◆ Work to be completed
What you should give back is a precise copy of the lines below from the one containing "特別養護老人ホームしおかぜで" through the one containing "Jānis Sīviņš |", with no pictures.

*** Begin section ***

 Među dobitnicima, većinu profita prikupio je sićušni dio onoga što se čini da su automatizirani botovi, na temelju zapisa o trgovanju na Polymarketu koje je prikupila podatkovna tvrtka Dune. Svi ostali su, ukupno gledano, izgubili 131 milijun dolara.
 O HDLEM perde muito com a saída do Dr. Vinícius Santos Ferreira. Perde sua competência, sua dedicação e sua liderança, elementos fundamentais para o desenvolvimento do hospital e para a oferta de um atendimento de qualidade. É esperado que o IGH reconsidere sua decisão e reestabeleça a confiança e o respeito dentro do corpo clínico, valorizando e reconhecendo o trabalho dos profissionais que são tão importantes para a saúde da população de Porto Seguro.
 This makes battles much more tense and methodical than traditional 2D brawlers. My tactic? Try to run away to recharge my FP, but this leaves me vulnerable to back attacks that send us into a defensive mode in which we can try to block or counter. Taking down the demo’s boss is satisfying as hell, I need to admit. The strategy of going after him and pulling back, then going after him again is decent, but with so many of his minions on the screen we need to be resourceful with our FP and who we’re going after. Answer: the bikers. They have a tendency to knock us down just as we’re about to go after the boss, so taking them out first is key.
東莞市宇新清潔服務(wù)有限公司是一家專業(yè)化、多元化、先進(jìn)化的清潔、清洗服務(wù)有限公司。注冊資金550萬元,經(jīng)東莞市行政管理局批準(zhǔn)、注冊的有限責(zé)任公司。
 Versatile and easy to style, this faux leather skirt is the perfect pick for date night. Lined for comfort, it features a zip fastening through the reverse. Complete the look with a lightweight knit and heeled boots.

*** End section ***
*** Begin section ***

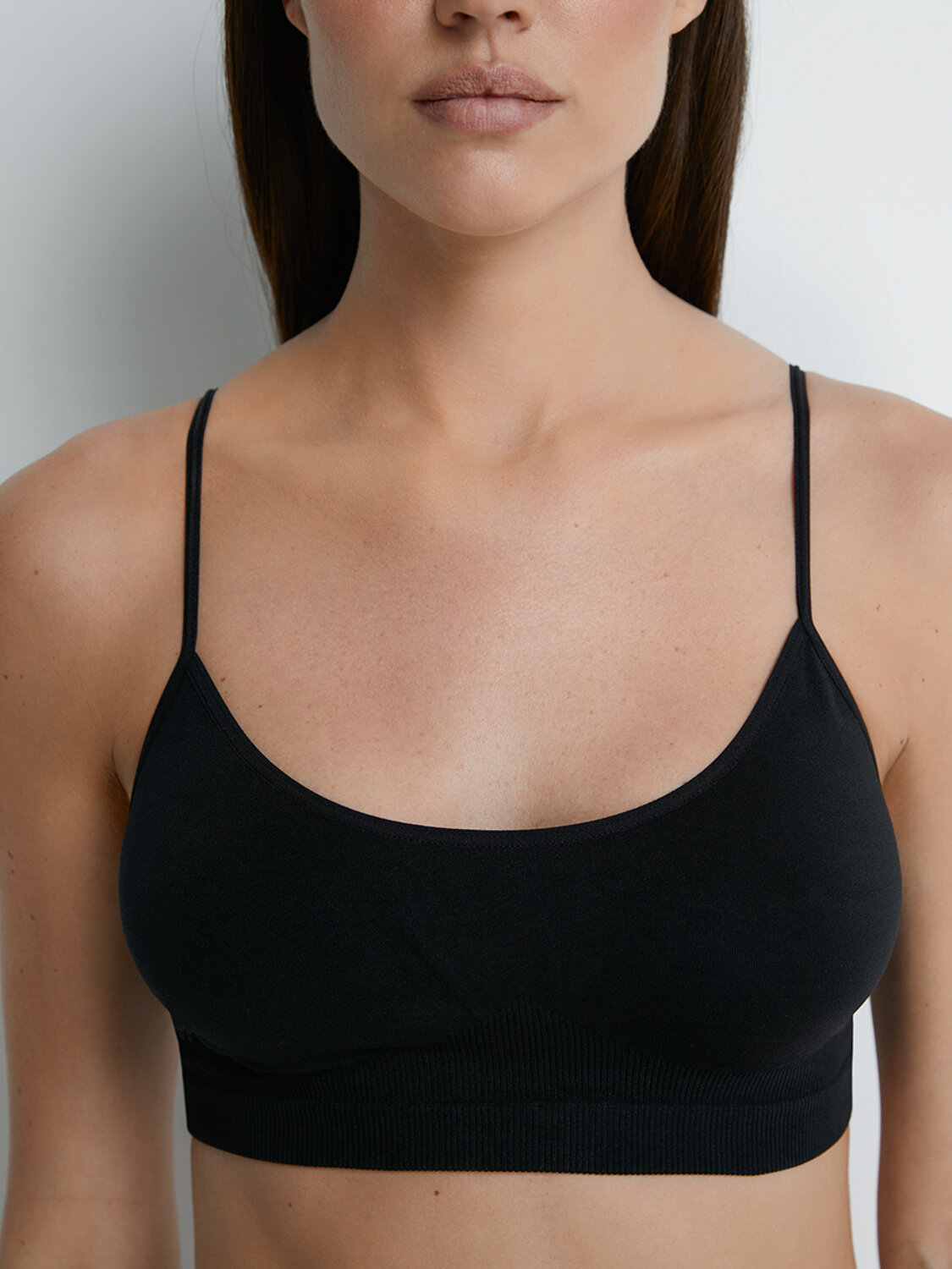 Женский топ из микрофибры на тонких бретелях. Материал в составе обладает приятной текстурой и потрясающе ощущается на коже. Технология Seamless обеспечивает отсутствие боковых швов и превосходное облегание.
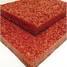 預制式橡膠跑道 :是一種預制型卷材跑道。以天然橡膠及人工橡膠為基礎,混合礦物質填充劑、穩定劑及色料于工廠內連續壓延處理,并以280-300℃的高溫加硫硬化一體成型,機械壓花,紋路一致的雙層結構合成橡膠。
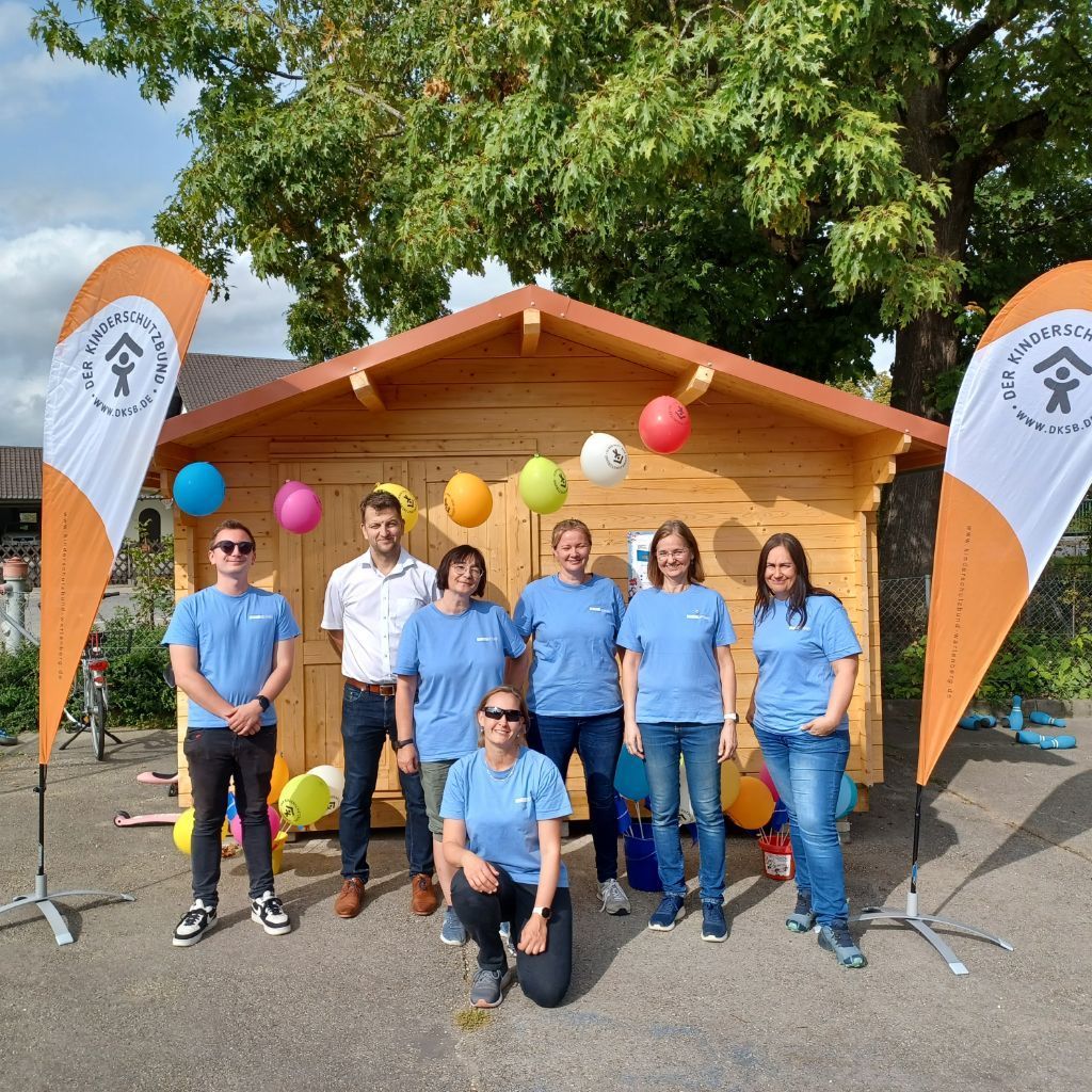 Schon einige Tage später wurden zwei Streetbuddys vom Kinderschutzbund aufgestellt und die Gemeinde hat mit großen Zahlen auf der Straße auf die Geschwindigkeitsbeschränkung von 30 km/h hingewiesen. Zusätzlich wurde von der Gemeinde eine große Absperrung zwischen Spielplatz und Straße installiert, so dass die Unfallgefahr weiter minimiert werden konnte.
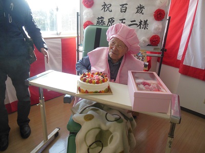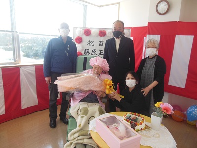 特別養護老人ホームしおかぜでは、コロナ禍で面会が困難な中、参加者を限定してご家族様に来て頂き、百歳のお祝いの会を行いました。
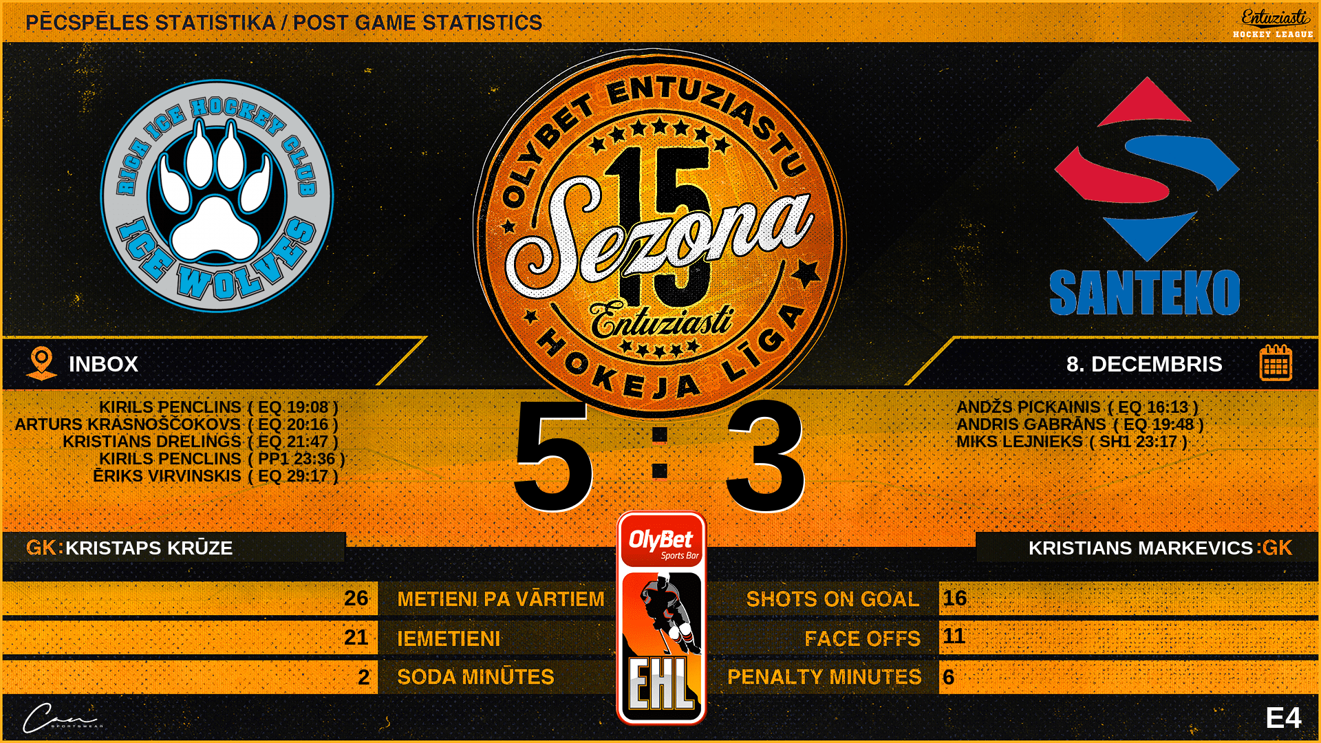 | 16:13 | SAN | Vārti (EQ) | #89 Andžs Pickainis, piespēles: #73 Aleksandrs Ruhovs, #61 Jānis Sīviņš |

*** End section ***

◆ Output for this exercise
 特別養護老人ホームしおかぜでは、コロナ禍で面会が困難な中、参加者を限定してご家族様に来て頂き、百歳のお祝いの会を行いました。
 | 16:13 | SAN | Vārti (EQ) | #89 Andžs Pickainis, piespēles: #73 Aleksandrs Ruhovs, #61 Jānis Sīviņš |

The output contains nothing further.